The predictions are then made against the testing data, using the Linear Regression Model which was created with the training data. The Probability Cutoff is set at 0.5, to predict the target variable.
#Test model
#Make predictions on testing data, using trained model:
test_data$pred <- predict(lr_model, newdata = test_data, type = 'response')
head(test_data)
## ï..Pregnant Glucose BP SThickness Insulin BMI DPFunction Age HasDiabetes
## 10 8 125 96 0 0 0.0 0.232 54 1
## 11 4 110 92 0 0 37.6 0.191 30 0
## 13 10 139 80 0 0 27.1 1.441 57 0
## 16 7 100 0 0 0 30.0 0.484 32 1
## 19 1 103 30 38 83 43.3 0.183 33 0
## 20 1 115 70 30 96 34.6 0.529 32 1
## pred
## 10 0.03786354
## 11 0.21575962
## 13 0.79506666
## 16 0.35021739
## 19 0.28388895
## 20 0.21642695
ProbabilityCutoff <- 0.5
test_data$PredictedHasDiabetes <- ifelse(test_data$pred > ProbabilityCutoff, 1, 0)
# Make confusion matrix:
ConfusionMatrix <- with(test_data,table(test_data$HasDiabetes,PredictedHasDiabetes))
print(ConfusionMatrix)
## PredictedHasDiabetes
## 0 1
## 0 114 11
## 1 33 34
#Calculate accuracy:
CorrectPredictions <- ConfusionMatrix[1,1] + ConfusionMatrix[2,2]
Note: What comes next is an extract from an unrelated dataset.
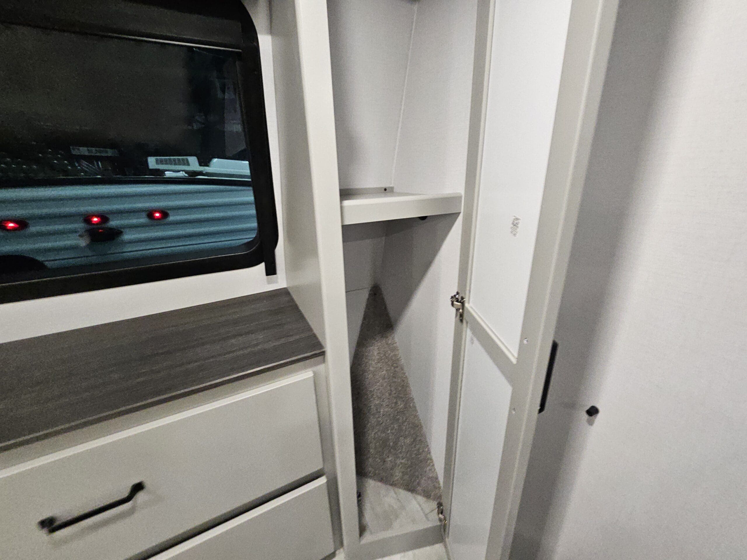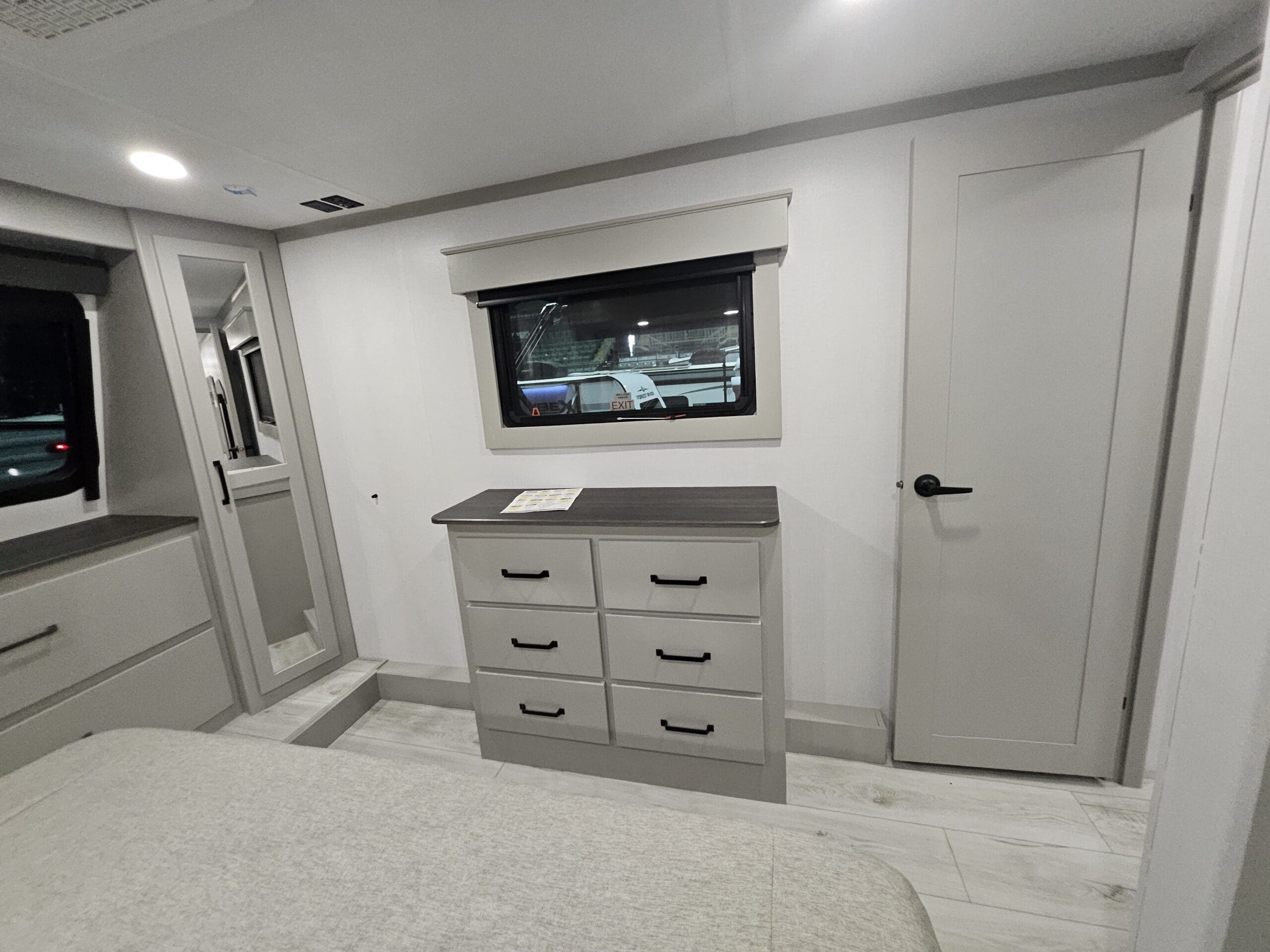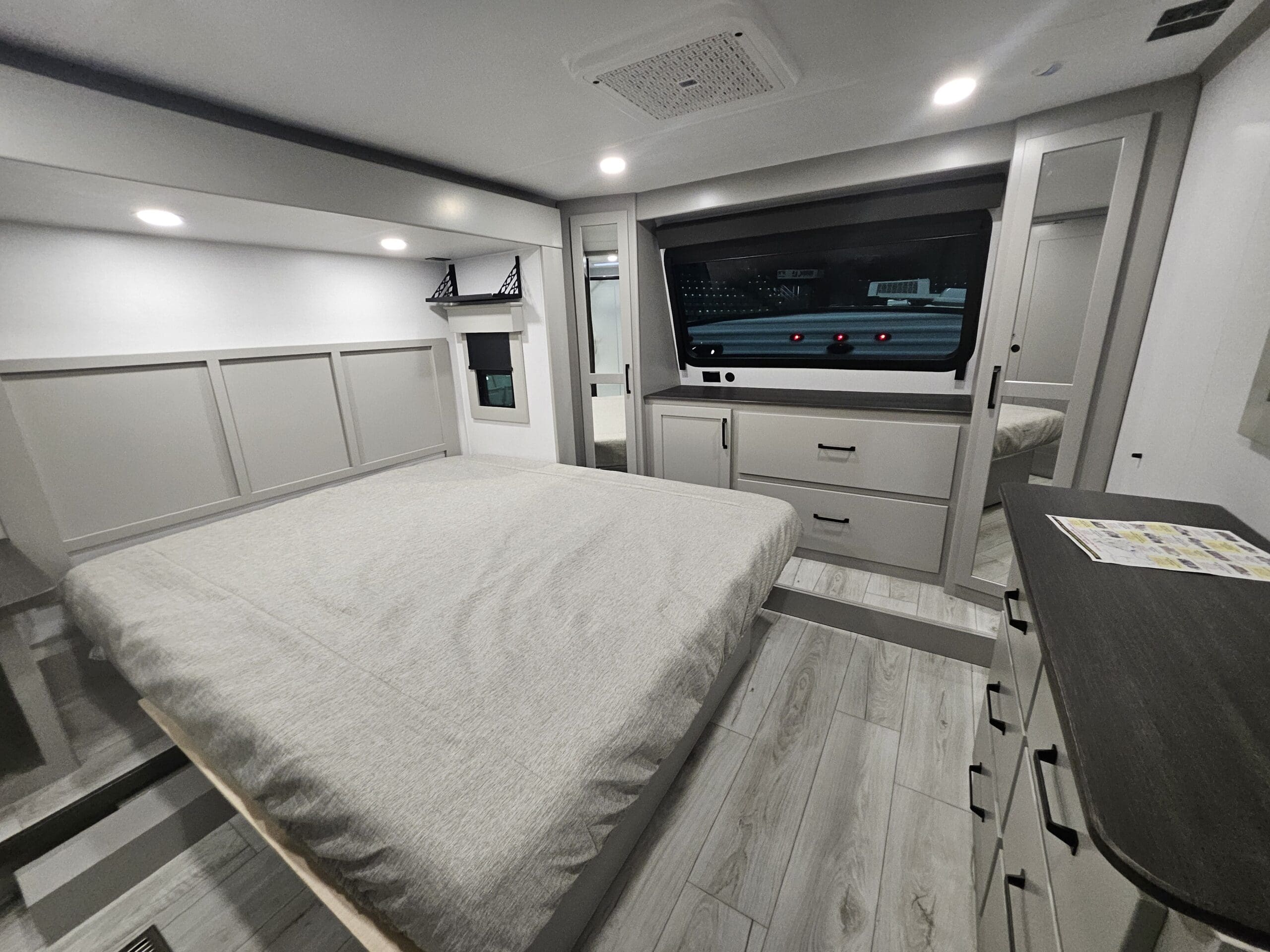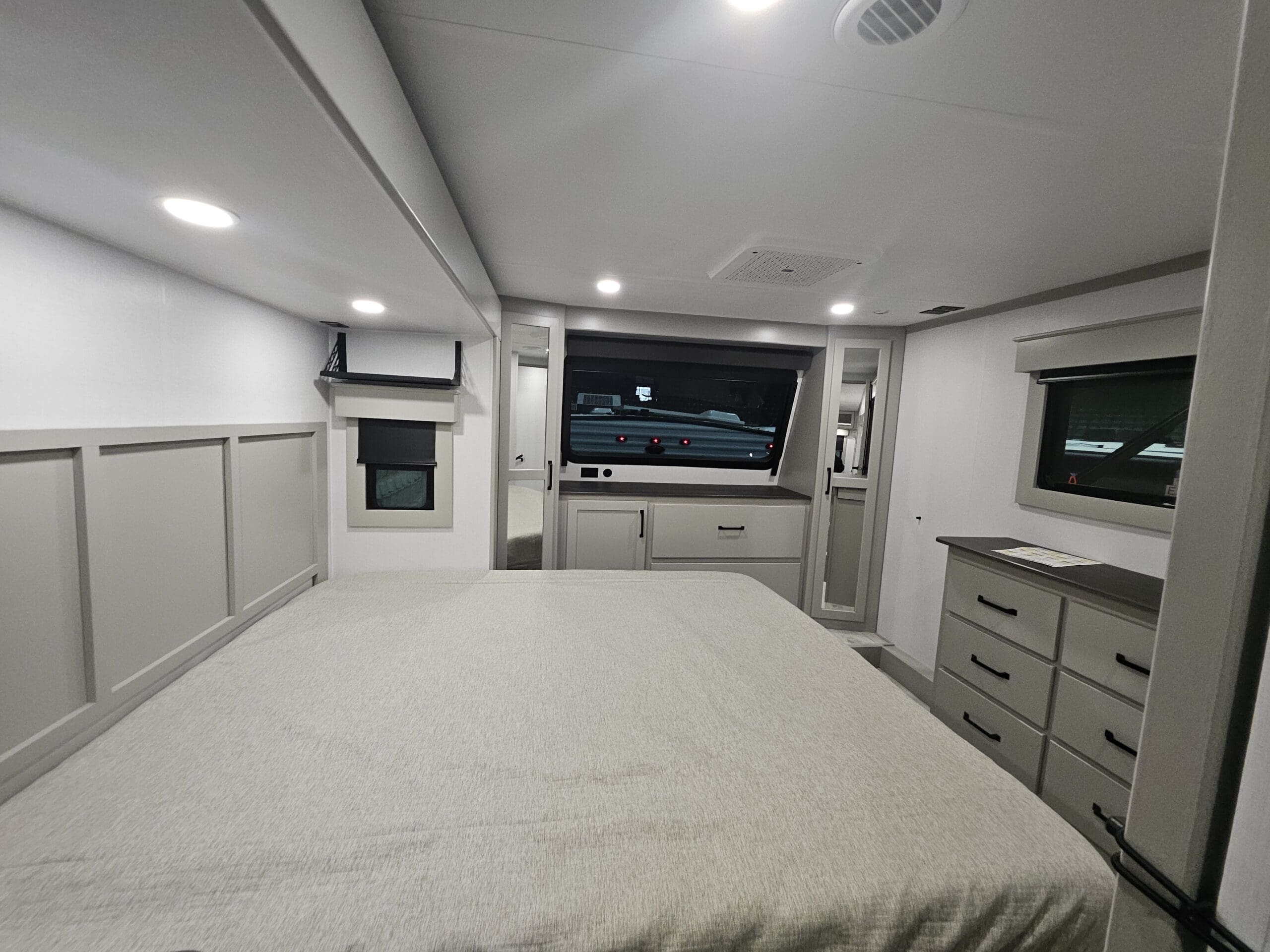 Private Master Suite: The front of the unit houses a private bedroom with a standard King bed. One of the most unique features is the patent-pending front windshield, which provides a view from the front cap. It also includes a dedicated closet prepped for a washer/dryer.

TotalPatients <- nrow(test_data)
Accuracy <- CorrectPredictions/TotalPatients
AccuracyPercentage <- round((Accuracy*100), digits = 2)
print(paste("Accuracy of the Model =",AccuracyPercentage,"%"))
## [1] "Accuracy of the Model = 77.08 %"
The Logistic regression model (classification) performed exceptionally well and showed 87.06% accuracy, which is calculated by generating the Confusion Matrix between the Actual and Predicted HasDiabetes attribute.